氷河期世代の不運は、史上最低最悪と言われた就職難が長期に亘って続いたことである。1つ上の先輩も、2つ上の先輩も、後輩もそのまた後輩も、誰もが有効求人倍率0.5前後という厳しい就活に巻き込まれた。これから社会に出て働き、人生を組み立てていこうという時につまづいて、そのつまづきを20〜30代の若年期を通じてずっと引きずることになった不運な世代、それが氷河期世代なのである。

1990年代から2000年代前半にかけて「人余り」が続き、若い労働世代が蔑ろにされた一方で、2010年代半ばごろからは「人手不足」が加速し、2023年の現在では売り手市場が続いている。この状況は、ある意味においては、すべての労働世代にとって追い風であり、中年期を迎えた氷河期世代も例外ではない。不安定な低賃金労働を続けてきた人たちにとっても、より条件の良い仕事を選り好みしたり、掛け持ちしたりできるようになってきており、人手が余っていた頃よりも人手が足りない今の方が良いという人は少なくないはずである。

では、氷河期世代の運命はこれから好転していくのだろうか?人材として使い捨てられてきたこれまでの不運から、ついに脱却できたと言えるのだろうか?
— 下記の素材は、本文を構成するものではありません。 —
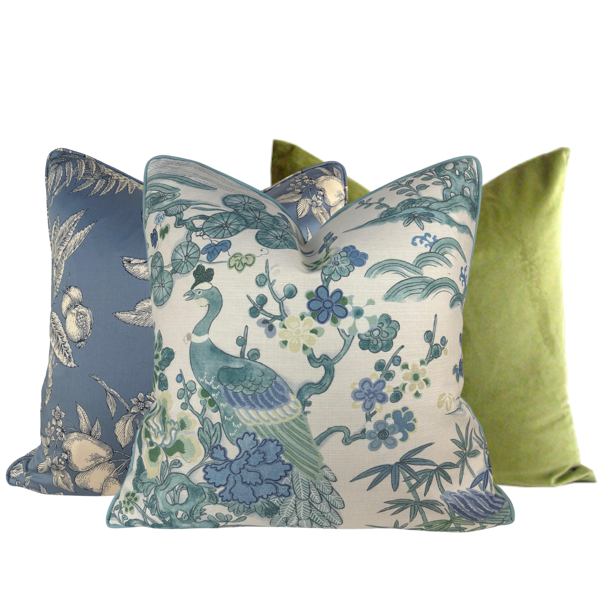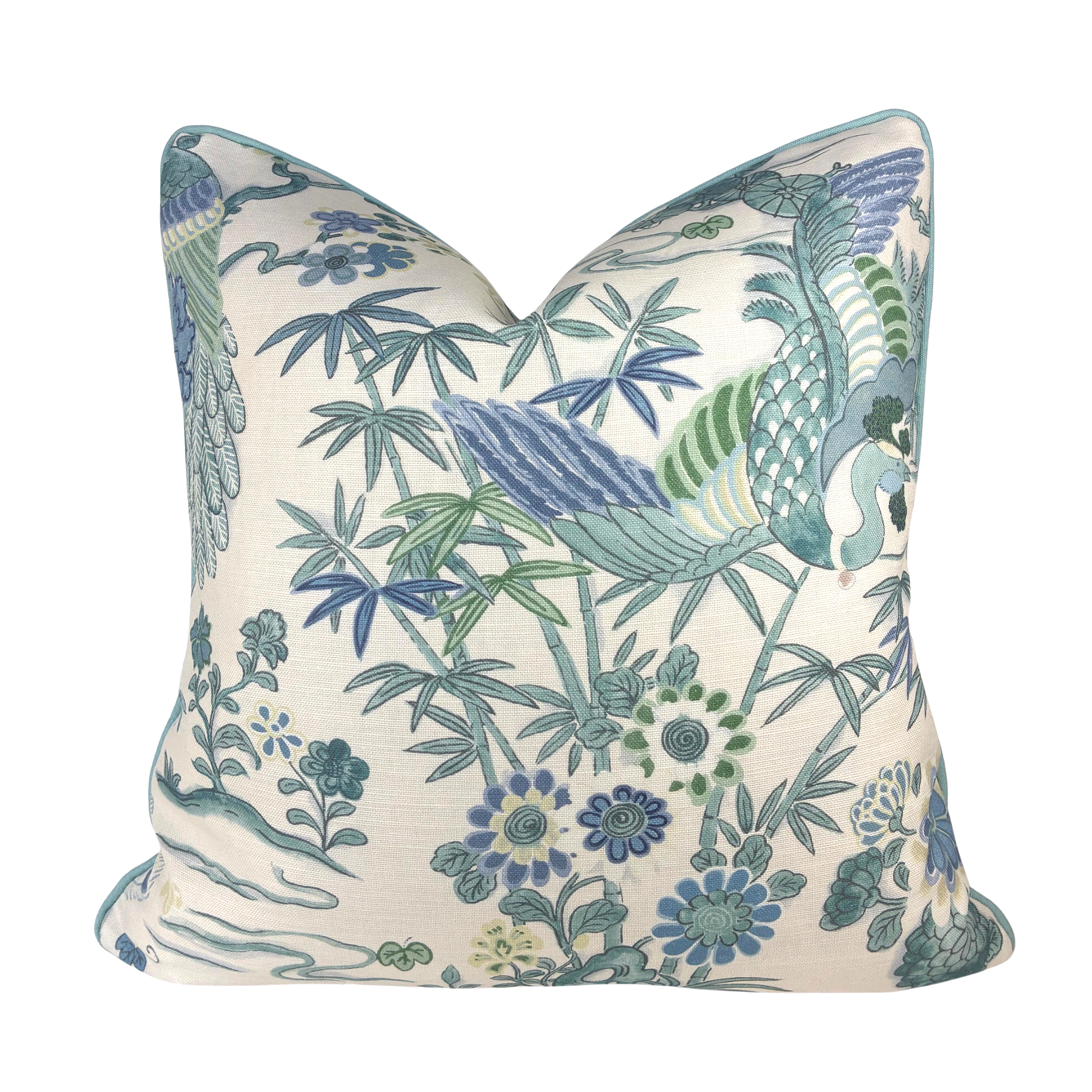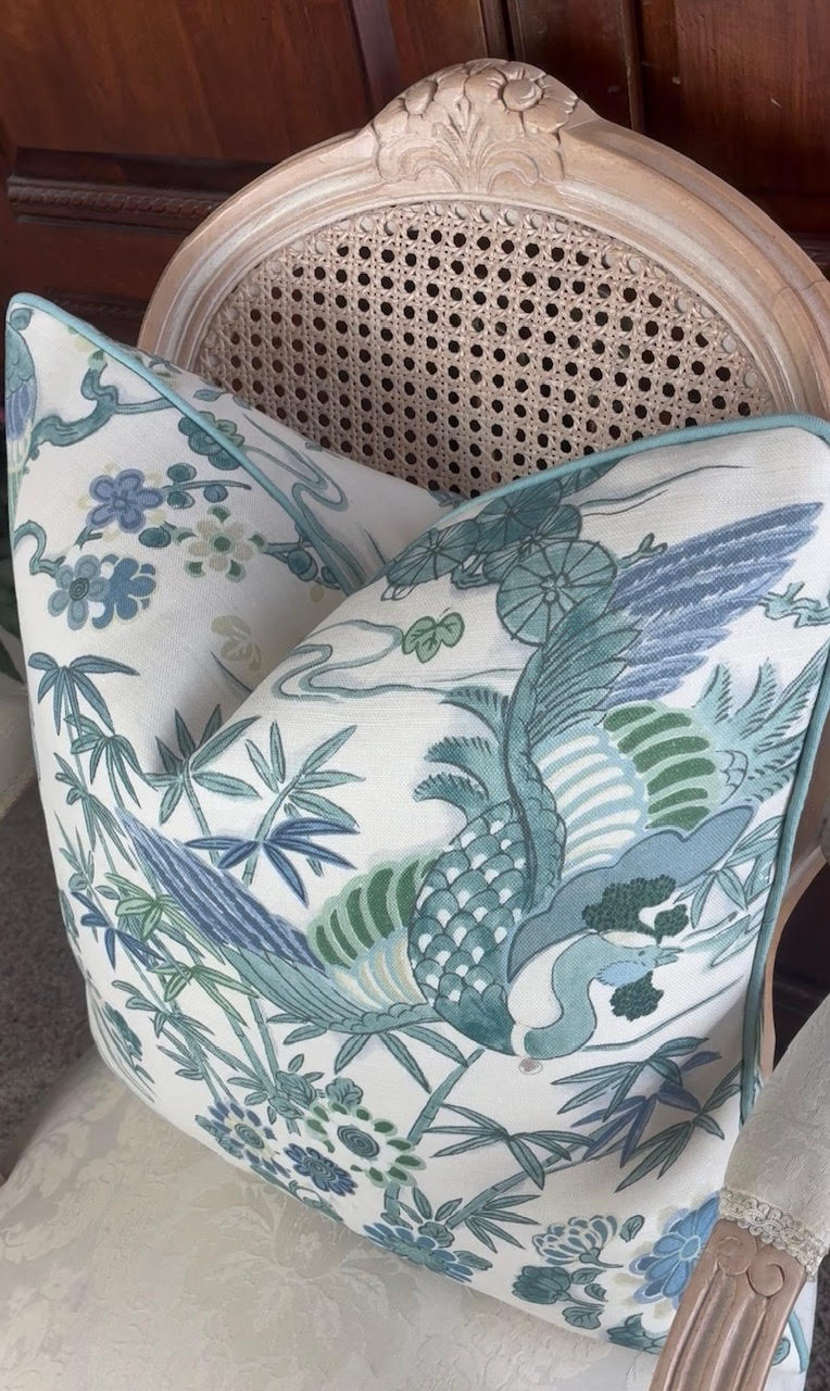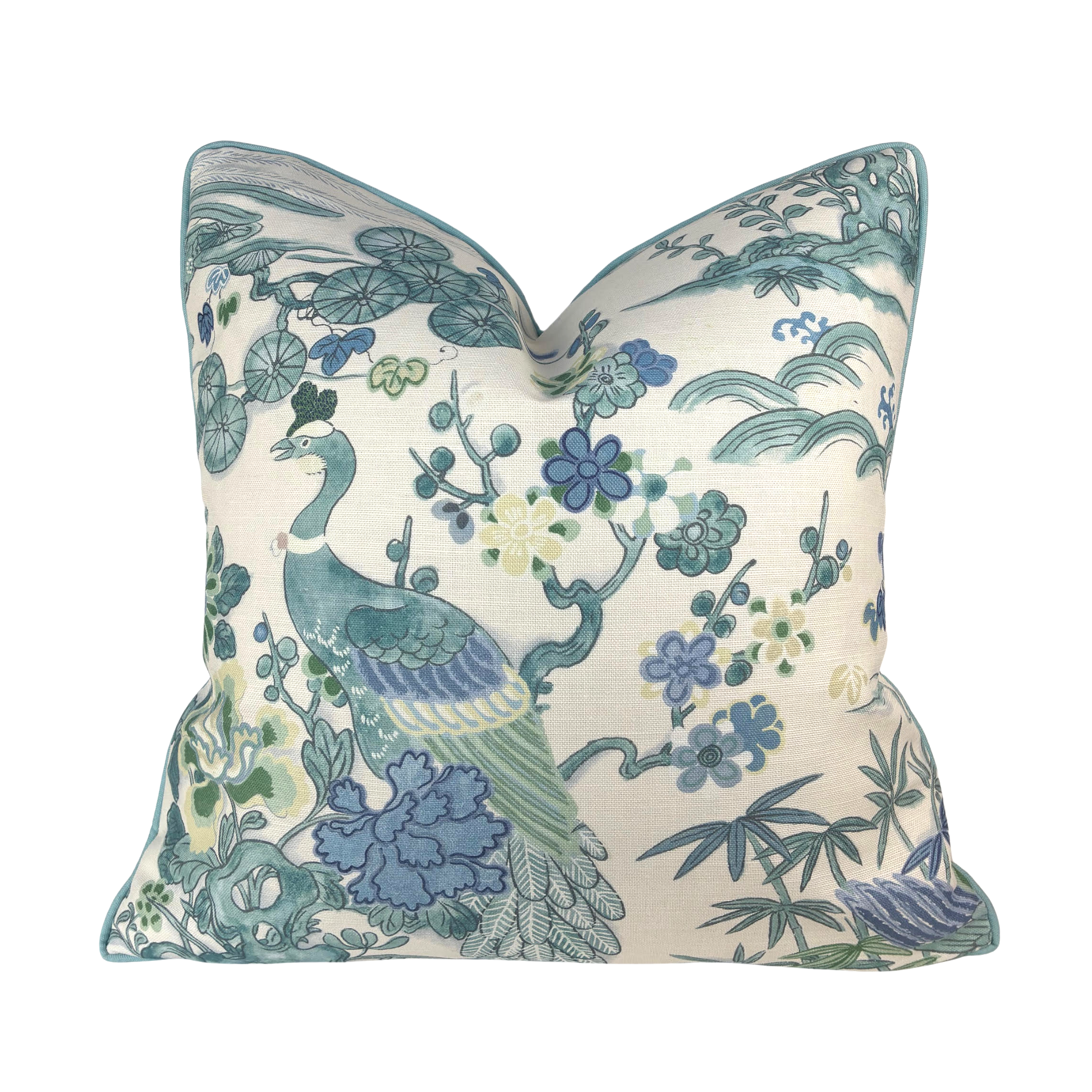 Inspired by Asian textiles from the 20th century, Sakura’s hues of blue and teal dogwood, peacocks, bamboo, and peonies, printed on medium weight ivory linen blend fabric, will add a classic.and timeless style to any space.

残念ながら、氷河期世代の置かれた状況は依然として厳しく、また今後も厳しいままと予測している。もちろん、未来に何が起きるかは誰にも分からないが、現在の社会構造や政治システムをある程度そのまま維持する限り、氷河期世代は、どこまでいっても「不運を背負って生まれた世代」のまま変わることはないだろう。せっかく「売り手市場(人手不足)」の時代が来たというのに、なぜそんなことになるのか・・・。私自身がそう考えるようになったきっかけは、この数年間に「高齢者と一緒に働く」という経験をしたことにある。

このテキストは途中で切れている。